Sometimes, there is no visible difference in the page content—no “Welcome back” message, no missing text. In this case, we use time-based attacks.

We use SQL functions that pause execution, like SLEEP(5) in MySQL or pg_sleep(5) in PostgreSQL. We combine this with our conditional logic. If our condition is true, the database sleeps for 5 seconds, and our HTTP request takes 5 seconds longer. If false, it responds immediately .

Example Payload (MySQL):

xyz123' AND IF(SUBSTRING((SELECT Password FROM Users WHERE Username='Administrator'), 1, 1) = 'a', SLEEP(5), 0)--

• If the first character is ‘a’, the response will be delayed by 5 seconds.
• If it’s not ‘a’, the response is immediate.

We can adapt our Python script to measure response time instead of looking for a string in the content. This requires careful error handling to account for network latency, but the core logic remains the same .

Automation: From Manual to Scripted Exploits

As you’ve seen, manual exploitation is tedious. The examples above form the basis of powerful custom scripts. While tools like sqlmap are incredibly effective for this purpose , understanding the underlying logic is crucial, especially in environments like the OSCP exam where such tools are prohibited .

The scripts provided in this blog are conceptual starting points. A full-featured exploit would need to handle:

• Session management (cookies, CSRF tokens) .
• URL encoding of payloads.
• Multi-threading to speed up the process.
• Error handling and retries for time-based attacks.

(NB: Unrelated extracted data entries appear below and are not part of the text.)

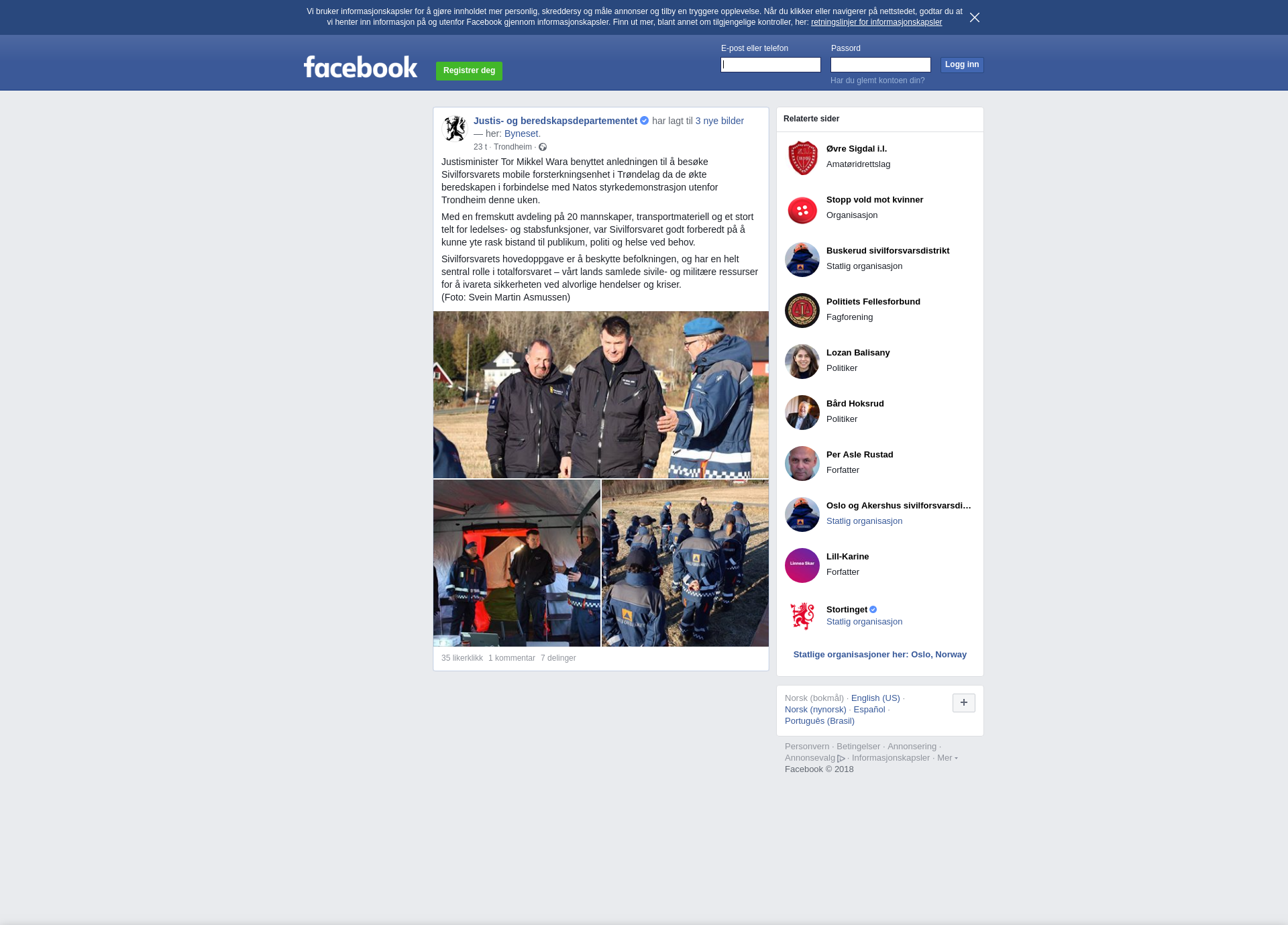 Justisminister Tor Mikkel Wara benyttet anledningen til å besøke Sivilforsvarets mobile forsterkningsenhet i Trøndelag da de økte beredskapen i forbindelse med Natos styrkedemonstrasjon utenfor Trondheim denne uken.
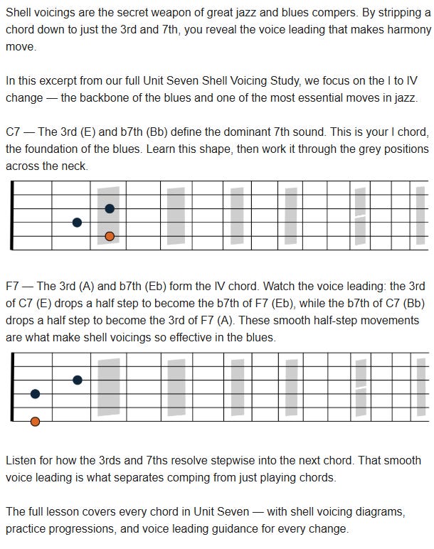 Unit Seven Shell Voicing StudyExcerpt: The I-IV in the BluesJim EllisMar 14, 2026ShareThis Substack is reader-supported. To receive new posts and support my work, consider becoming a free or paid subscriber.Subscribe
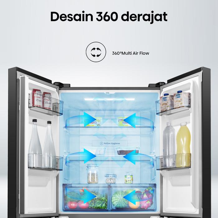 FLASH SALE HISENSERQ556N4IBUKULKAS LEMARI ES (REFRIGERATOR) 4 PINTUKAPASITAS 467LINVERTER PROFESIONAL ENERGY SAVINGBANYAKALIRAN UDARAALL ZONEACTIVE HYGIENE360° MULTI AIR FLOWCOOL FRESH BOX
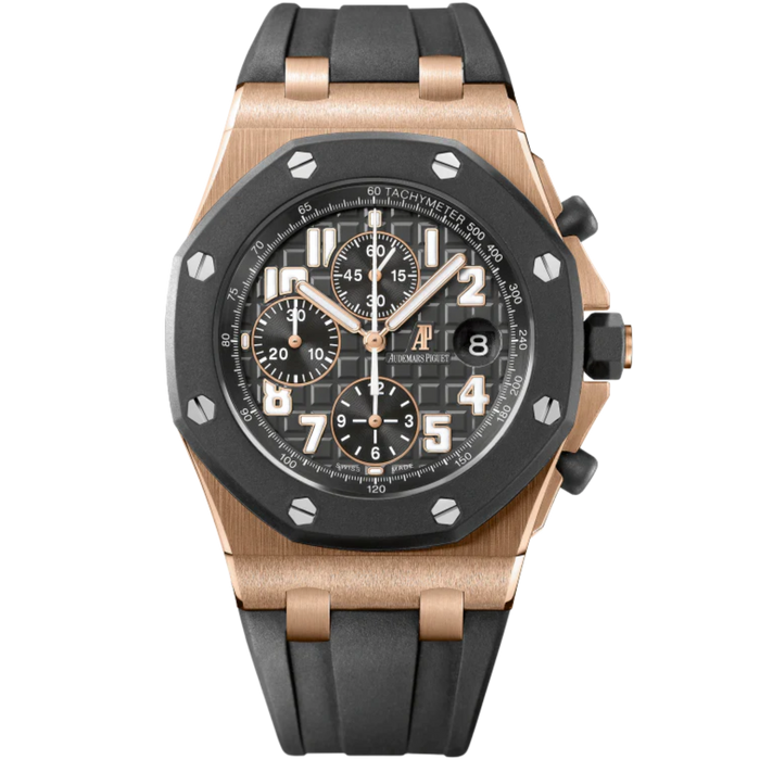 Royal Oak Offshore Diver 42MM Black Rubber Strap Anthracite Dial With Méga Tapisserie Pattern 18-Carat Pink Gold Case CHRONOGRAPH
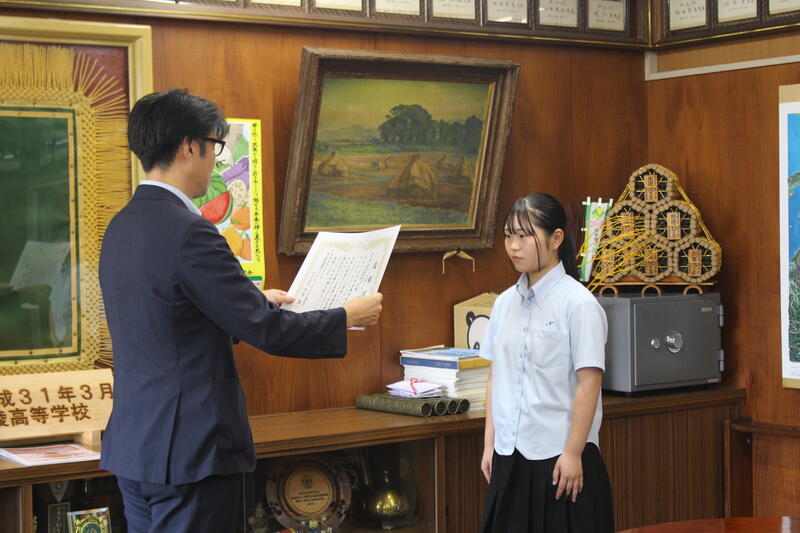 9月8日(金)には、本校校長室で表彰式が行われました。コラボソフトクリーム表彰に加え、PRポスター表彰もしていただきました。PRポスターについても依頼をいただいており、生徒が考案した背景やキャラクターなどが採用されました!!
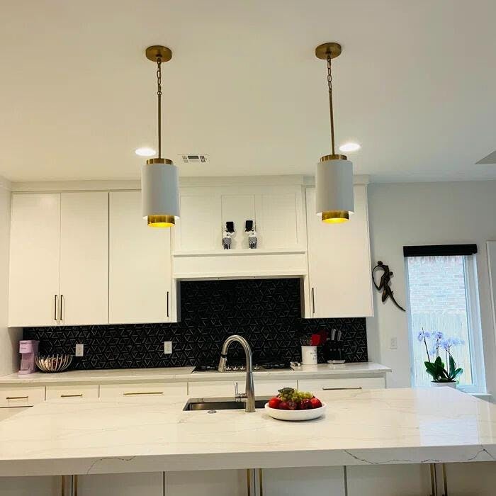 Brighten your space with the fresh, modern look of the Ingrid pendant in matte white and brushed gold. Its layered design features a brushed gold cylinder that casts light from both the top and bottom, surrounded by a crisp white shade for soft, even illumination. Ideal for kitchen islands, dining areas, or entryways, this contemporary fixture blends clean lines with a touch of luxury, offering a stylish solution for today’s interiors.
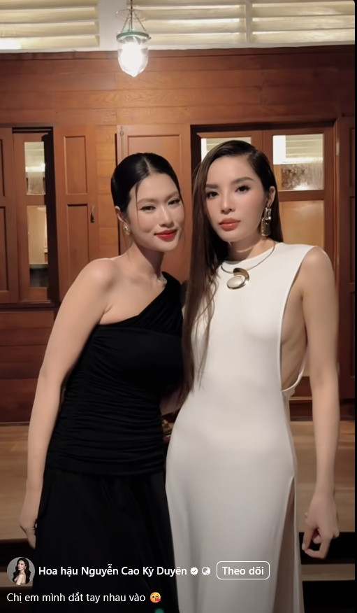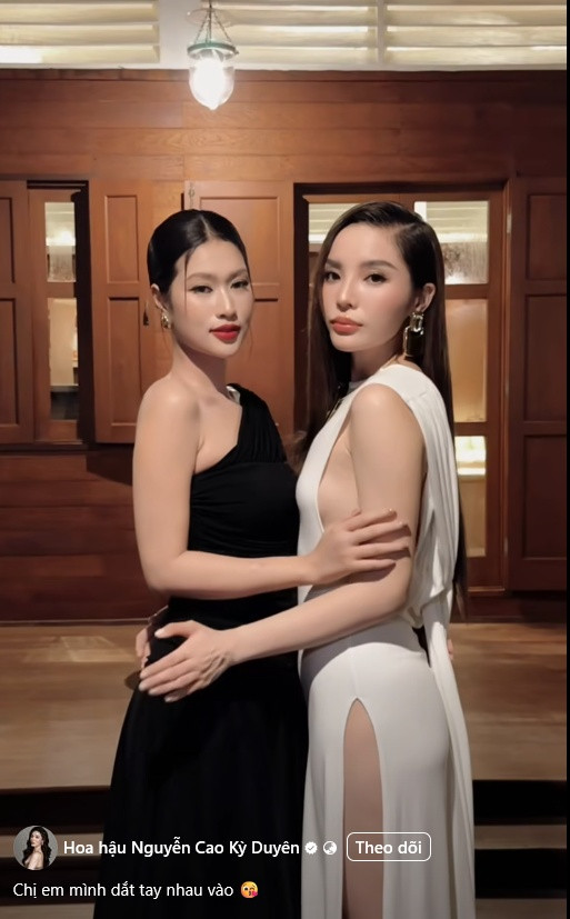 Ngoài ra, Kỳ Duyên còn được dịp bung xõa clip cả hai khoác tay nhau cùng tiến lên thảm đỏ gây sốt. Cặp chị chị em em được khen đẹp đôi từ visual, thần thái đến chiều cao tương xứng.
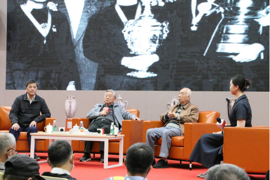 2021国球大讲坛之聆听国球故事活动现场,图为10月23日,国际乒联终身名誉主席徐寅生、原中国女子乒乓球队总教练张燮林、上海乒协主席陈一平在乒博馆开讲
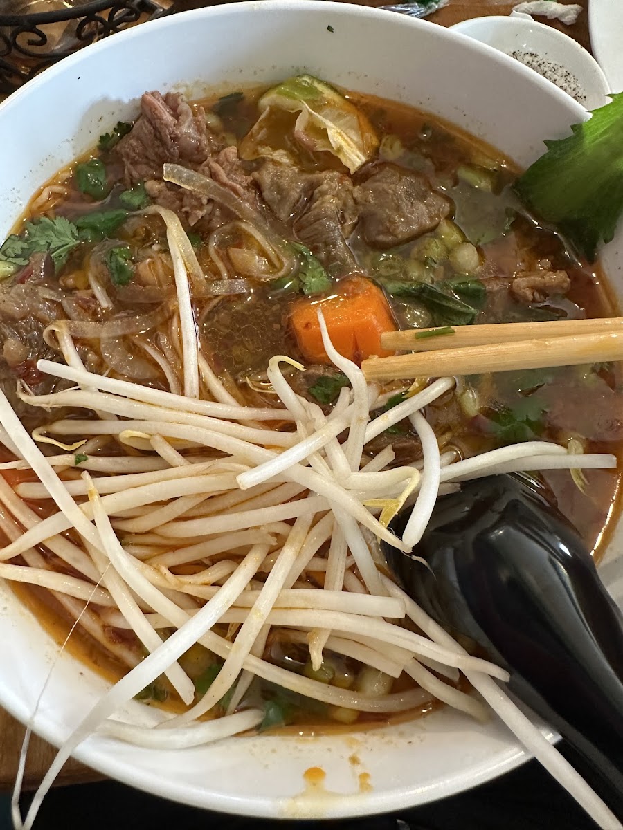 One of the highlights at Phở Duyên is the chicken pho, widely regarded as the best in the city. The dish is celebrated for its generous portion of tender, juicy chicken, and the broth, which strikes a perfect balance between sweet, salty, savory, and umami flavors. The chicken pho is complemented by a flavorful chili oil that adds a smoky heat without overpowering the dish. The beef noodle soup, another standout, offers a rich broth that brings to mind the complex flavors of birria consomé, paired with springy egg noodles that add to the dish's satisfying texture.
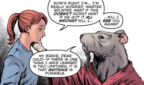 - La première page de comic reprend un grand nombre d’illustrations déjà utilisées dans des numéros précédents. Splinter en train de méditer (Mateus Santolouco) vient de la page 6 du TMNT #45. Takeshi Tatsuo en train de trainer Oroku Saki vient de la page 2 de Shredder in hell, part. 2. Kitsune avec une image de dragon derrière elle vient de la page 18 du TMNT #71. April apparaissant derrière Kitsune vient de la page 16 du TMNT #60. Enfin, l’image de Splinter vient de la page 13 du TMNT #99, lorsqu’il frappe le mur de sa prison pour en sortir.
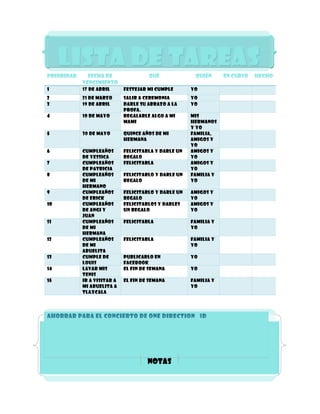 La lista incluye 15 tareas pendientes de una persona para ahorrar dinero para un concierto de One Direction, incluyendo celebrar cumpleaños de familiares y amigos, dar regalos y abrazos, lavar tenis, y visitar a la abuelita.
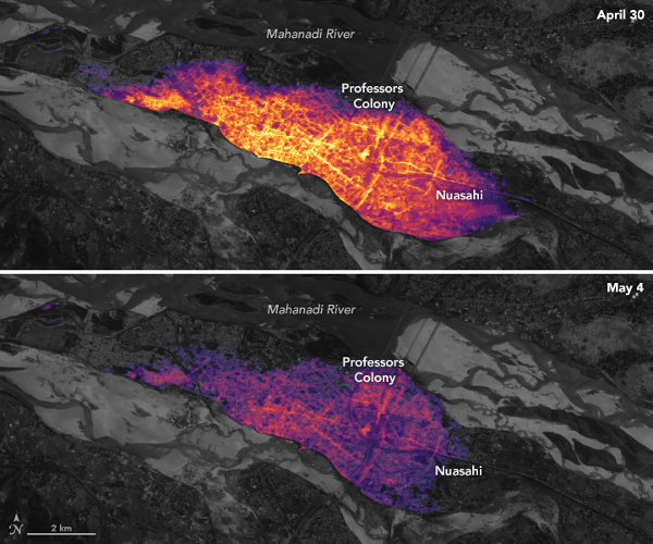 Éjszakai fények Cuttack városában, Odisha állam második legnagyobb településén – a ciklon előtt és után. (Kép: NASA EO / Lauren Dauphin / Ranjay Shrestha / NASA GSFC / USGS)

How to Protect Your Applications

Understanding the attack is the first step to building a strong defense. Here are the golden rules to prevent SQL injection :

• Use Parameterized Queries (Prepared Statements): This is the most effective defense. It ensures that user input is treated as data, not executable code. Separate the SQL logic from the user-supplied data.
• Validate and Sanitize Input: Use allow-lists to only accept expected characters (e.g., only digits for an id parameter).
• Apply the Principle of Least Privilege: The database account used by the web application should have the minimum permissions necessary. It should not be an admin or DBA account. This limits the damage from a successful injection.
• Use Stored Procedures: While not a complete solution on their own, when used correctly, they can add a layer of abstraction and security.
• Regular Security Testing: Use both automated scanners and manual penetration testing to find and fix vulnerabilities before attackers do.

Conclusion

Blind SQL Injection is a testament to the ingenuity of security testing. It shows that even when an application is not verbose with its errors, it can still be manipulated into revealing its deepest secrets through a series of cleverly crafted true/false questions. By understanding the underlying logic of boolean-based and time-based attacks, and by learning how to automate the extraction process, you have added a powerful and essential skill to your cybersecurity toolkit. Remember, with great power comes great responsibility – always ensure you have explicit permission to test the security of any application.